Изменить размер шрифта - +

Чтобы не тянуло холодом понизу, я опрокинул стол на бок, ближе к входу, и лег вплотную к столешнице с подветренной стороны, подложив под голову оставленную старшиной роты сухую плащ-накидку. Метрах в трех от меня спускался полог палатки, невдалеке от него на земле белел раздавленный окурок папиросы.

Отринутый и забытый, казалось, всем человечеством, я, офицер великой армии-победительницы, поставившей на колени две сильнейшие мировые державы, подобно этому окурку никому не нужный, лежал на краю света, на берегу Берингова пролива и не мог понять и осмыслить того, что произошло. Ради этого дня, ради успешного проведения показательного учения я четыре месяца, без преувеличения, выворачивался наизнанку, я сделал все что мог, и люди выкладывались в отделку, без остатка, но не последовало ни разбора действий роты, ни какой-либо оценки, не последовало даже положенного «До свидания».

Что могло меня утешить, кроме слов из старинной офицерской молитвы и мольбы, произносимой когда-то перед боем: «Нас много, а Россия одна!.. Смерти нет! Все пройдет, и мы пройдем, а Россия останется!..» Донельзя удрученный, буквально убитый произошедшим, я повторял ее как магическое заклинание, но легче не становилось, и единственное, что мне хотелось, — забыться...

...И снова мне снился Ибрагимбеков из костромского госпиталя. Я бежал за ним по уходящему вдаль светлому бесконечному коридору, где, кроме нас, никого не было, и спрашивал, умолял сказать: как мне быть? как жить дальше? — а он, как и всегда, даже не оборачиваясь, уходил от меня. Наконец, догнав, я ухватил его за рукав бязевого госпитального халата, и в то же мгновение послышалось неизменное, правда произнесенное совсем другим, жестким начальственным голосом и вроде без кавказского акцента: «Два раза джопам хлопам — пыздусят рублей даем!» На сей раз эта фраза прозвучала властно, грубо и, пожалуй, угрожающе. И тут вдруг, к моему ужасу и отчаянию, обнаружилось, что ухваченный мною за рукав отнюдь не рядовой Ибрагимбеков, симулянт и дезертир, откупленный родственниками от фронта и от армии, а принятый мною за командующего, скорый на расправу и беспощадно свирепый начальник отдела боевой подготовки штаба округа полковник Хохлачев, и был на нем вовсе не госпитальный халат, а новенький китель с золотистыми погонами и орденскими планками на груди, а на голове — не замеченная мною сзади великолепная, прямо как у генерала, папаха из серого каракуля. Взбешенный моей наглостью и неуставным обращением (более всего, очевидно, тем, что я ухватил его за руку), он выкатил ставшие от гнева страшными темные глаза и закричал, а точнее, оглушительно заревел: «Как жить?!. Ты что — службы не знаешь?!! Долбо...!!! Я тебя живо унасекомлю!!!»

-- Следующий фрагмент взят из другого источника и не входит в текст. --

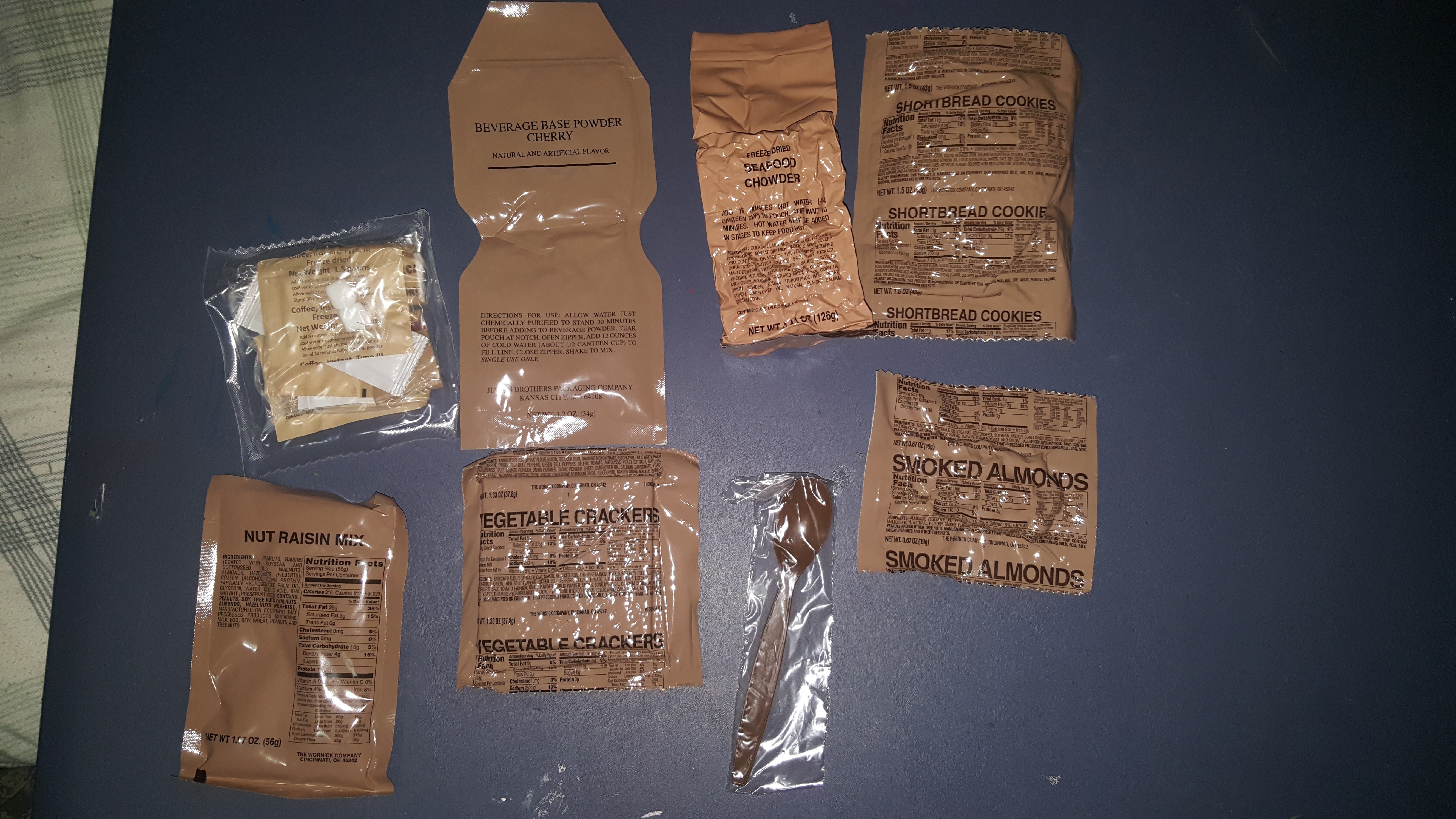 Hmm, where to start? How about the drink? The cherry beverage base had the perfect balance of tartness and sweetness. It did a great job curing my thirst. The nut raisin mix combined with the smoked almonds added were a great protein supplement. Both were very tasty. The vegetables crackers tasted very good on their own. I'm a bit surprised they didn't include cheese spread or peanut butter with this ration. I don't think it was QC because someone here on MREInfo by the name of "norge" did an overview of this meal back in 2012 and his didn't come with anything like that either. Very strange. Anyway, I put some of the seafood chowder on the crackers and ate it that way, and that tasted amazing! Speaking of which, the entree itself was also very tasty. I'm no fan of seafood by any stretch of the imagination, but for some reason, military rations have a weird way of changing my tastes and typical eating habits. For example, I usually try to follow a vegetarian diet in my daily life, but I make an exception for rations.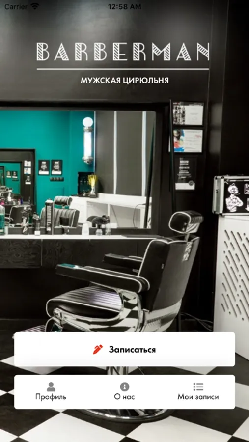 Приложение для онлайн записи в "BARBERMAN" - Цирюльню с особой атмосферой мужского клуба для истинных ценителей классического парикмахерского искусства.

— За что?!! — в голос застонал я.

От волнения, от ощущения чего-то горячего на лице и какого-то тормошения, от странных непривычных звуков я очнулся и открыл глаза. Гессеновская палатка была полна эскимосских лаек; невысокие, приземистые, с длинной грязной шерстью и стоячими ушами, провонявшие рыбой или ворванью, они, повизгивая, возились и прыгали около меня, лизали мое лицо, хватали зубами полы куртки и рукава. Другие в стороне с охотничьим азартом выискивали у себя в шерсти и щелкали блох. Там же, около смятой картонной коробки, две псины отнимали, рвали друг у друга из пасти мою суконную офицерскую пилотку: выдернутая красная звездочка валялась возле них на земле. Более других мне запомнилась с оторванным левым ухом собака, радостно лизавшая мое лицо и после того, как я открыл глаза.

Это были ездовые лайки из эскимосского поселка. Зимой они ценились как тягловая сила, их кормили и обихаживали, а три бесснежных месяца — ненужные людям и потому предоставленные самим себе — они стаями бегали по округе в поисках пропитания, часами с лаем клубились близ расположения батальона, на огороженной помойной площадке, куда бочками оттаскивали отходы пищеблока.